Likewise the 16 year old who won’t see the light of day until somewhere around his 36th birthday, may well get his GED in jail, may well get his college education in prison, but there is far more of a chance all he will gain from his incarceration is more criminal skills. Skills he will feel forced to use because he lacks education, cannot get financial aid for education or, despite his education, no one will hire him because of his record, because of what he was charged with.

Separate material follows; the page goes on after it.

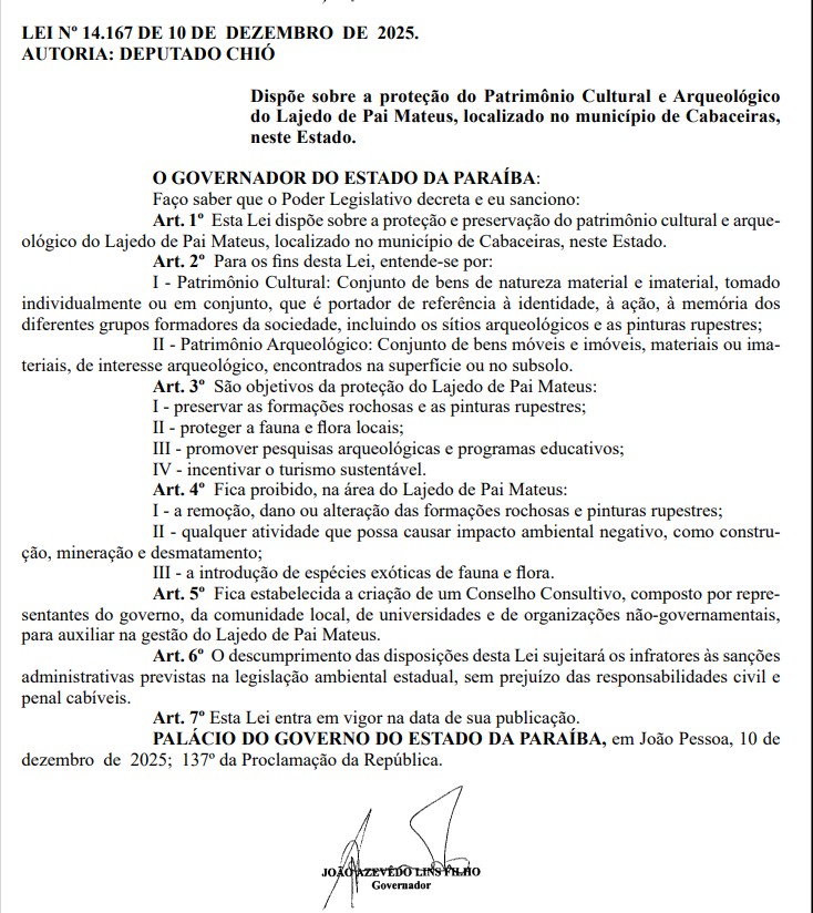 O governador João Azevêdo sancionou nesta quinta-feira (11) a Lei que dispõe sobre a proteção do Patrimônio Cultural e Arqueológico do Lajedo do Pai Mateus, localizado em Cabaceiras, Cariri da Paraíba. A proposta de lei é de autoria do deputado estadual Chió e entra em vigor a partir de sua publicação.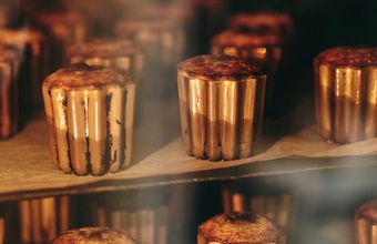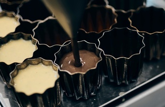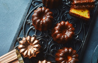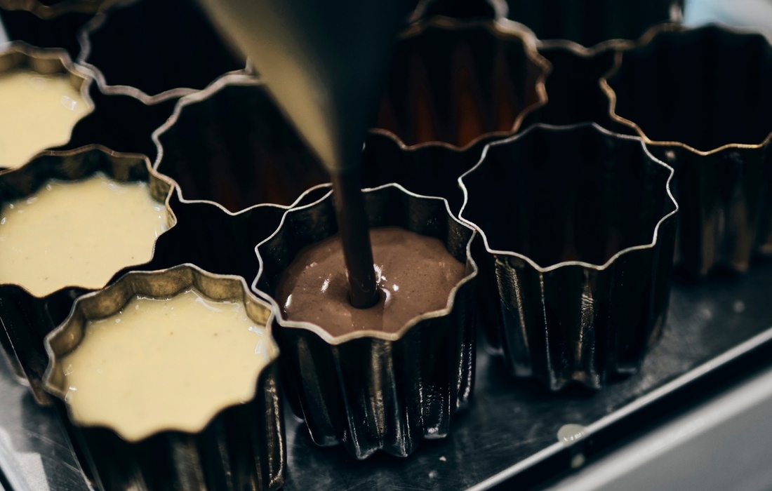 フランス・ボルドー地方の伝統菓子カヌレ。同店のカヌレは、フランス人シェフパティシエのマチュー・パンソン氏が3年かけて作り上げたこだわりのレシピをもとに、その日の温度や湿度を見極めながら、熟練した技術と経験で一つひとつ丁寧に焼き上げられています。当コースで味わえるのは、カヌレのショコラ味。ダークチョコレートをしっかりと練り込み、もっちりとした食感と奥深い味わいに仕上げています。

All for doing something stupid; no not getting involved with gangs, drugs, rape, murder, beating that went too far, prank that went too far, but for sharing pictures given to him, by a girlfriend, a classmate, by saying to a friend here look at this and sending it to them.
Some lawmakers, prosecutors and state legislatures are catching on that it is time to change the law; one city in Florida is now putting forth legislation that decriminalizes the first offence and does not turn sexting into a felony until the 4th offence. This is a step in the right direction; however, legal experts say it is no help those like Phillip Alpert who are 18 and adults in the eyes of the law. Even before the legislation is finalized there is a huge gap in what exists and what needs to be, because the purposed law would only affect those under 18. Before it has begun it has the potential to be a colossal failure due to the fact it leaves out people like Mr. Alpert, despite his story, despite the obvious overkill, when there is no legal precedent to do so. On the contrary there is legal precedent to do just the opposite; you have to be 21 to drink, to enter or work in some adult establishments. Why not extend the suggested legal parameters to those under 21, also including guidelines for sexting cases that involve a boyfriend, girlfriend relationship supported by evidence and testimony?
Judicial and prosecutorial discretion would still apply for cases where individuals did it to multiple people before getting caught, clearly did it as some kind of power play, to humiliate, a form of bullying, or those who show signs of becoming a potential predator. While progress is being made, the other huge problem is that until this law, or something like it, is enacted on a federal level we will still have kids falling through the legal cracks, having the book thrown at them, and until we make that federal law retro active we will still have teens, not hardened criminals, languishing away in prison and on sex offender registries. All of this something that should be unacceptable in the United States of America, a country based on freedom.